Sunday, May 15, 2022

Mothers Baking Bread in the Cave

Morning crows. Slowly the insomnia shifts, the dream world insisting on its healing prerogative. We visited the beach where bystanders apparently watched Icarus fall broken into the sea, and I remember nothing but feeling superior to pagans and polytheists, which makes me sad now, which sorrow I no longer resist. Visiting churches in Dublin, drunken mid-day prayers. This is not what you say when you are trying to find a way home, is it?
 
The witch is hungry, so you feed her, and it’s not enough, it’s never enough, because her hunger is a form of anger, and what she wants is not food but the death of those who torment her.
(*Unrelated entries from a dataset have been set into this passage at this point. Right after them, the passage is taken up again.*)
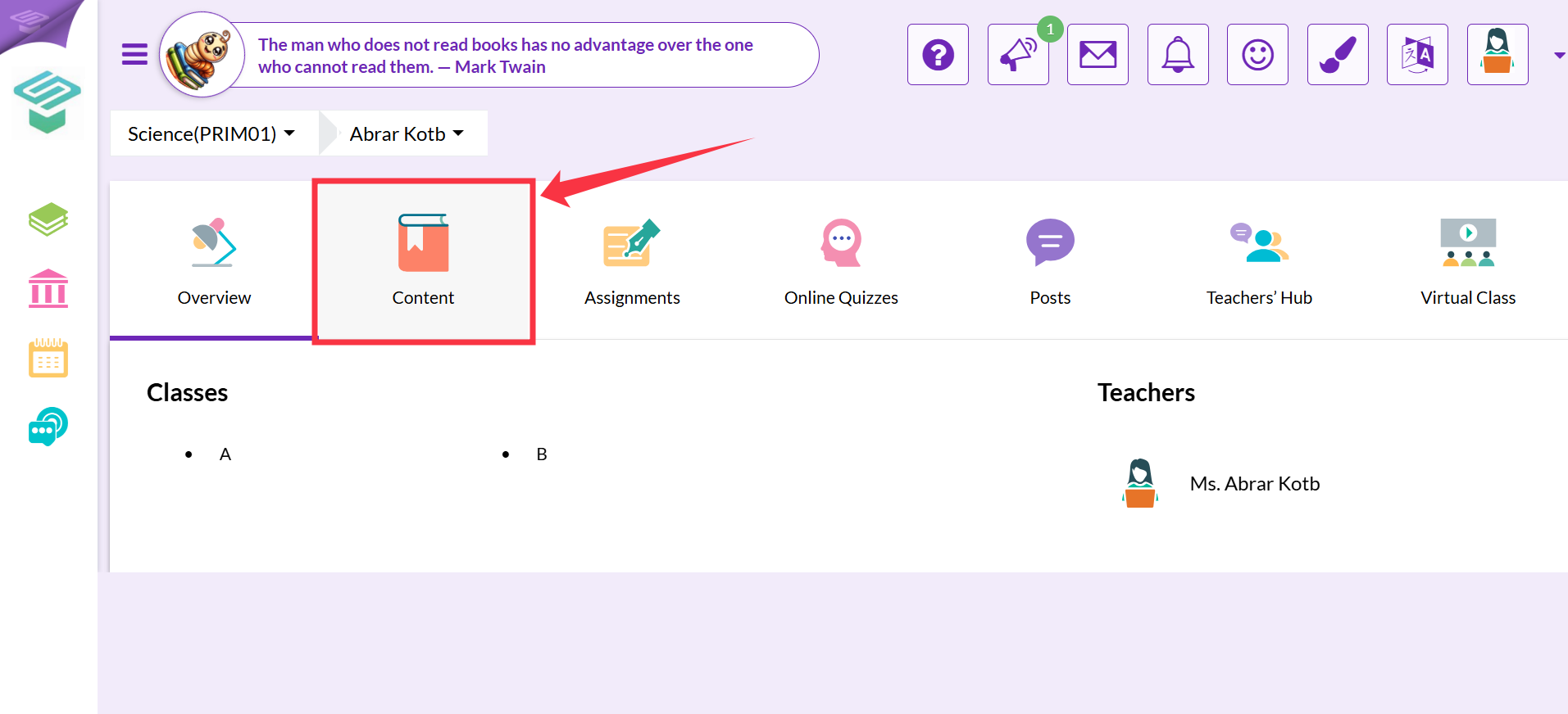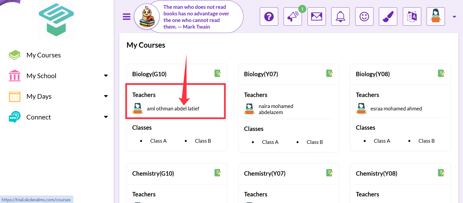 2. Click the name or image of the teacher you want to whose activity you want to view.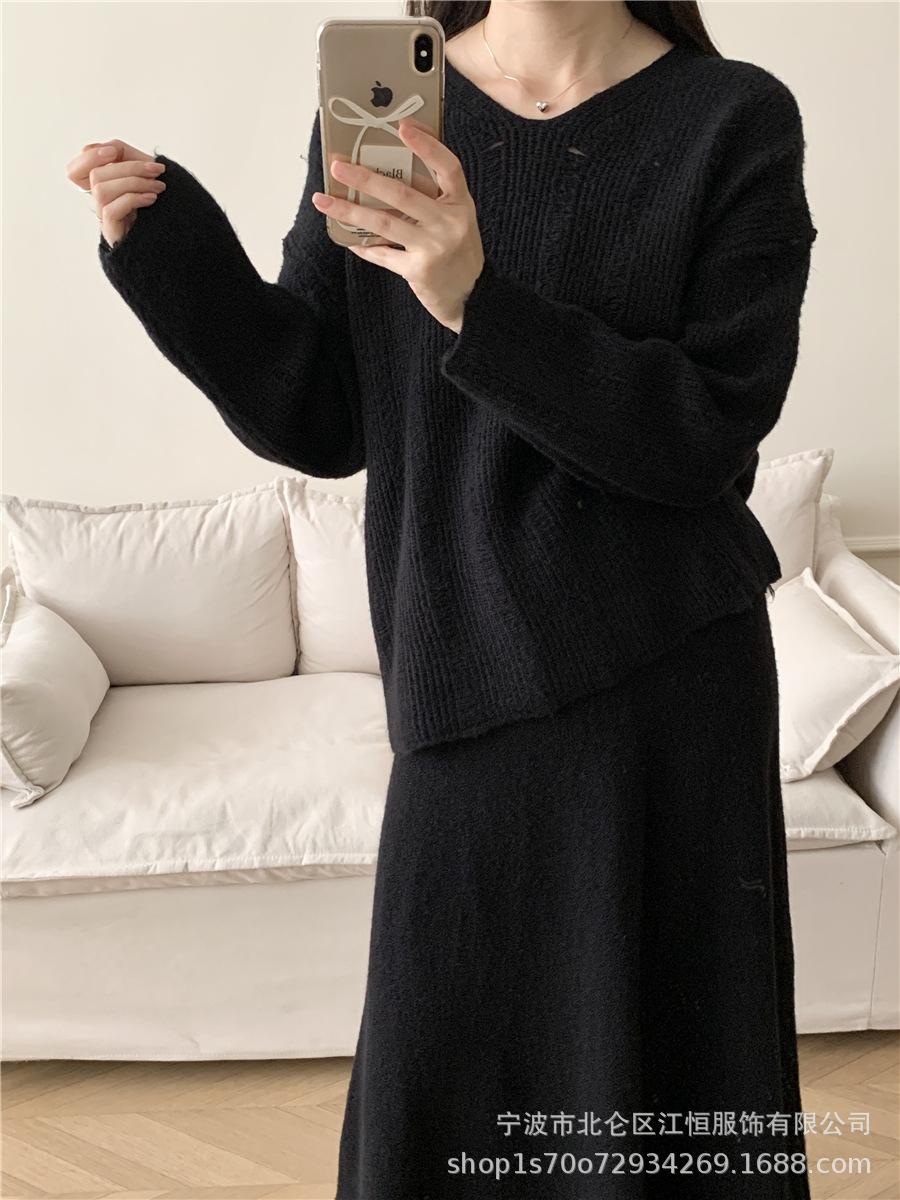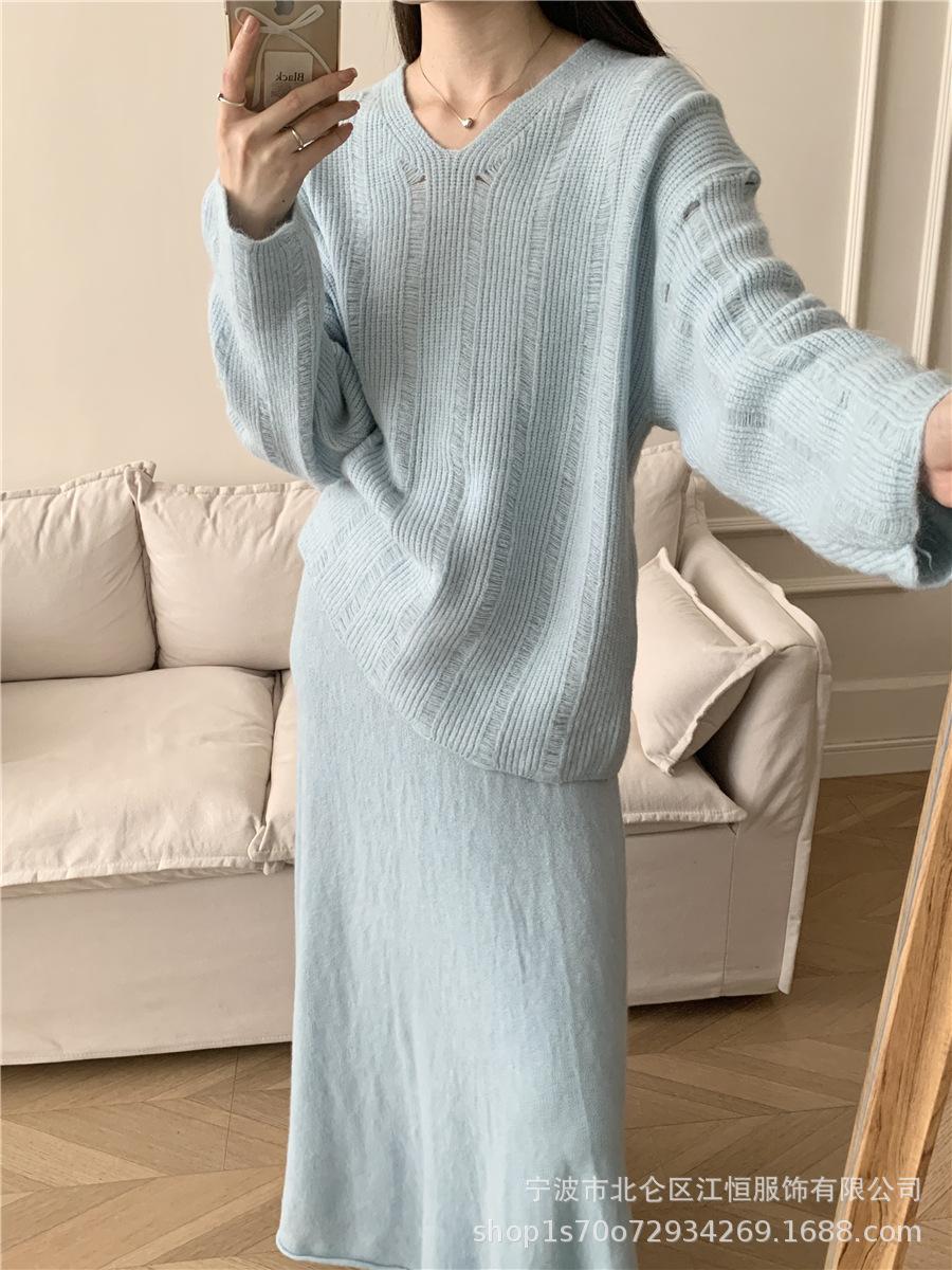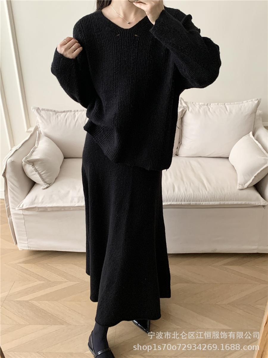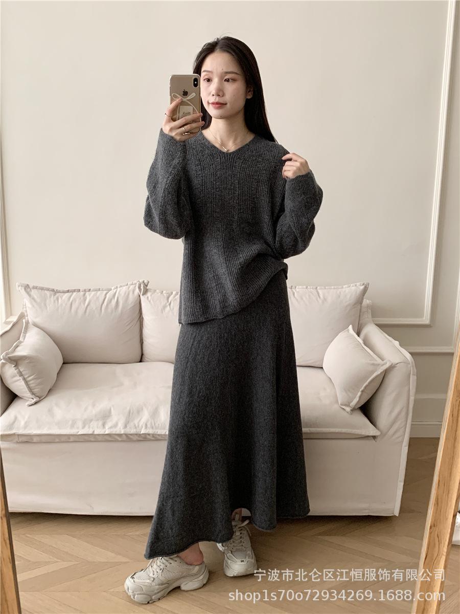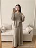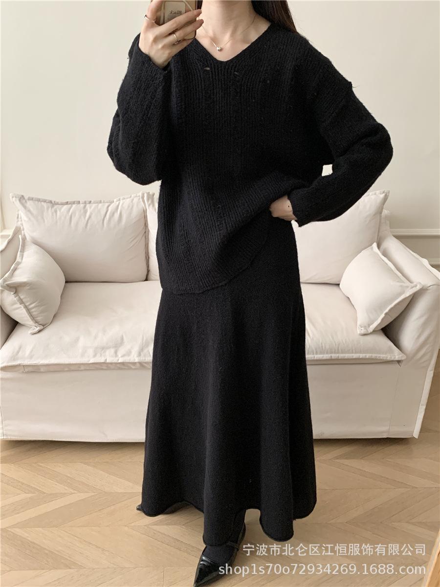 Traje de Suéter Tejido Estilo Europeo y Americano para Mujer 2025 Otoño e Invierno Nuevo Top de Lana Cuello Redondo Falda Cola de Pescado Venta Caliente Transfronteriza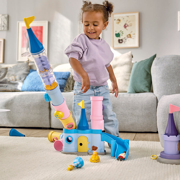 Calling all little builders! The princess castle, inspired by Disney's Cinderella, invites your child for endless exploration and tower combinations. Who can build the tallest tower and make it collapse first? Where is Cinderella's shoe hidden, and how can Cinderella quickly land in the arms of the prince? These questi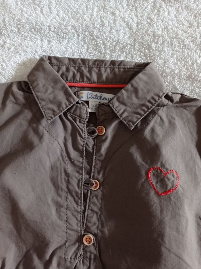 Robe marron manche courte avec colle avec motif petit cœur trois boutons taille élastique âge 12 mois 74 cm voir photos - photo numéro 10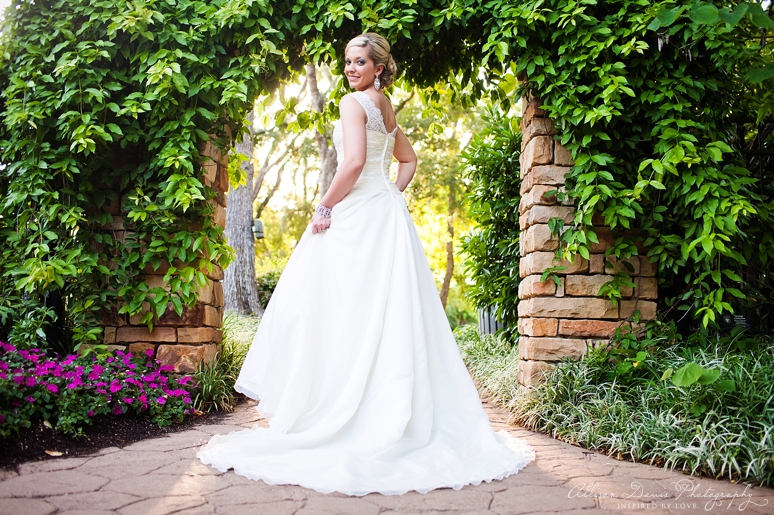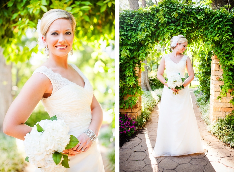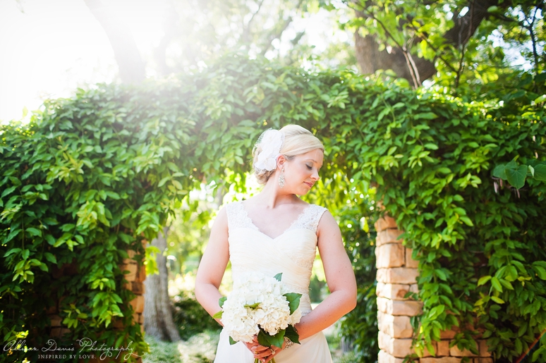Mandy was married last weekend at the Hackberry Country Club in Las Colinas. She is such a lovely bride and a fun lady. Her wedding was beautiful and I can’t wait to share those images with you soon.We photographed her bridal portraits at the Grapevine Botanical Gardens – it’s a cute little public area with large trees and we had some beautiful light for her bridals. She wore a bridal gown from St. Patrick’s and Chi Ro Makeup did her lovely styling. I hope you enjoy viewing Mandy’s bridal portraits.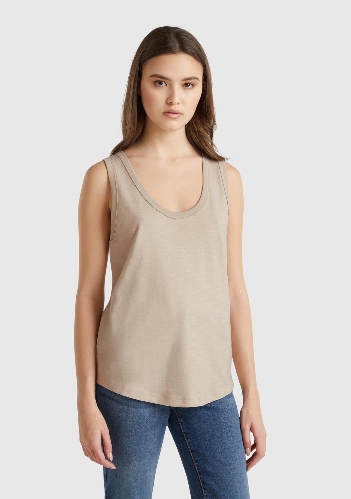 Kadın Bej %100 Pamuk Nervür Detaylı Atlet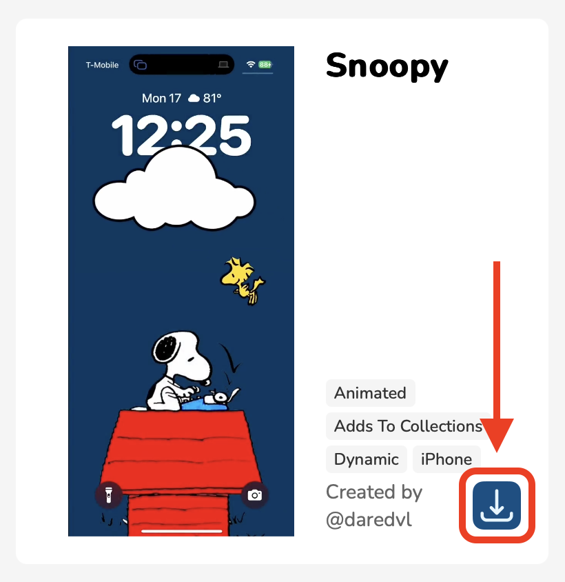 원하는 배경화면 옆에 있는 다운로드 버튼을 누르면 됩니다. 저는 스누피 배경화면으로 해보겠습니다.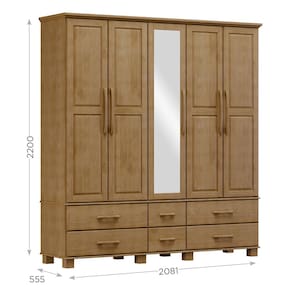 ESPECIFICAÇÕES TÉCNICAS:<Br> Produto 100% Madeira Maciça de pinus de reflorestamento;<Br> Pintura Acetinada Verniz PU e UV;<Br> Corrediças telescópicas;<Br> Dobradiças com amortecimento;<Br> Cabideiro em alumínio;<Br> Puxadores e Pés em madeira maciça;<Br> Peso máximo suportado pelas Gavetas 05kg distribuídos;<Br> Peso máximo suportado pelas Prateleiras 10kg distribuídos;<Br> Peso máximo suportado pelo Cabideiro 08kg distribuídos;<Br> Portas centrais possuem espelho;<Br> Amplo espaço para armazenamento;<Br> Isolamento de peças com manta de polietileno expandido (Isomanta);<Br> Possui manual de montagem;<Br> Sistema de montagem simples e rápida.<Br><Br>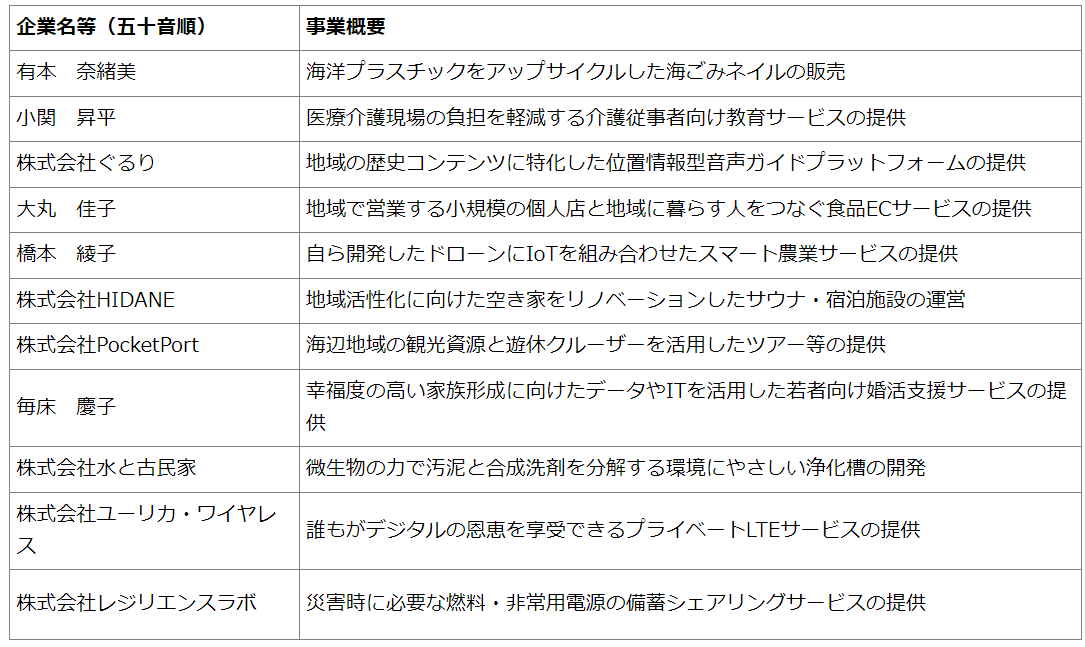 ※ベンチャー企業は企業名、起業準備者は氏名を記載しています。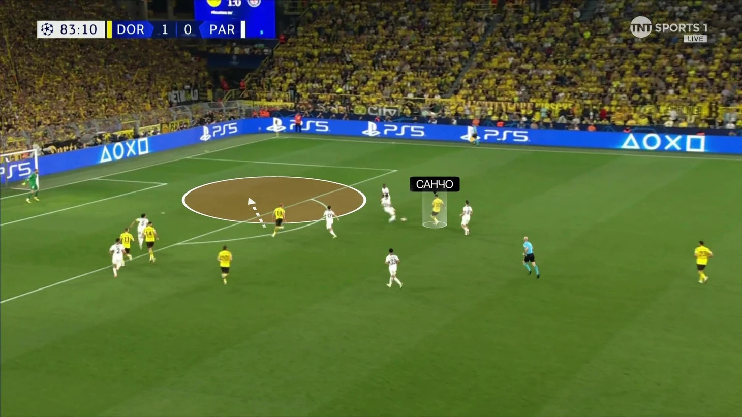 Еще один важный нюанс – траектория забега Санчо закрывает пас в центр на Руиса. «Дортмунд» не оставлял «ПСЖ» пространства за спинами защитников, закрывал центральное направление и не давал игрокам с мячом долго думать. Результатом стали перепасовки с высокой точностью (91%), но без высоких намерений.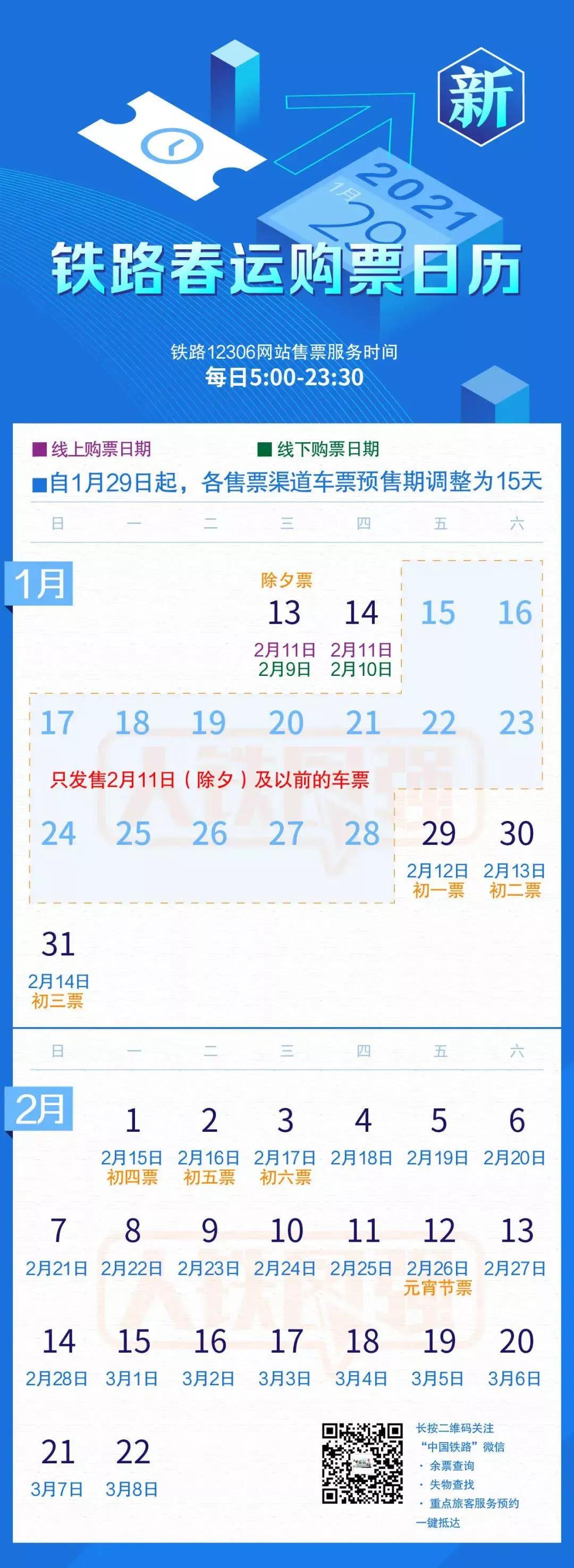 8.元宵节火车票开售,退票有新规:12日,2021年2月26日(元宵节)火车票开售。旅客可在起售时间通过12306网站、手机APP、铁路出行服务平台“掌上高铁”APP、电话订票等方式购买车票。退票方面,免收退票费的时间期限由原规定的开车前15天以上同比例调整为开车前8天(含当日)以上。(澎湃新闻)

Good news! I walk slower going up Main Street, hands in my pockets, head down, having what some people travel to Alaska to get. Prisms at the bottom of the sea, near the wreck of the Titanic. What we learned as kids, climbing high trees in the forest.
 
Oh the funeral is just the beginning, trust me. Dogs wandering around the bardo wondering why nobody is throwing sticks. This need to render everything blue, because my hippie aunt had a blue light in her bedroom, and I used to sit in its ambient glow, studying life-sized posters of Lord of the Rings, learning a useful lesson about the connection between conflict and narrative. Use your voice, he urged, and I mumbled something in reply. Lovely dreams of surfacing.
 
Our bodies become the site of living justly, mercifully, and nothing else matters. The hemlocks murmuring in pre-dawn breezes, emphasis on gratitude, acceptance, letting go and passing by. Become Christ by degrees. Sentences which contain many plausible readings, each altering the poem in which it appears, in which way the cosmos are made explicit. Let us not forget mothers baking bread in the cave, let us not leave our Dads all alone in the sky.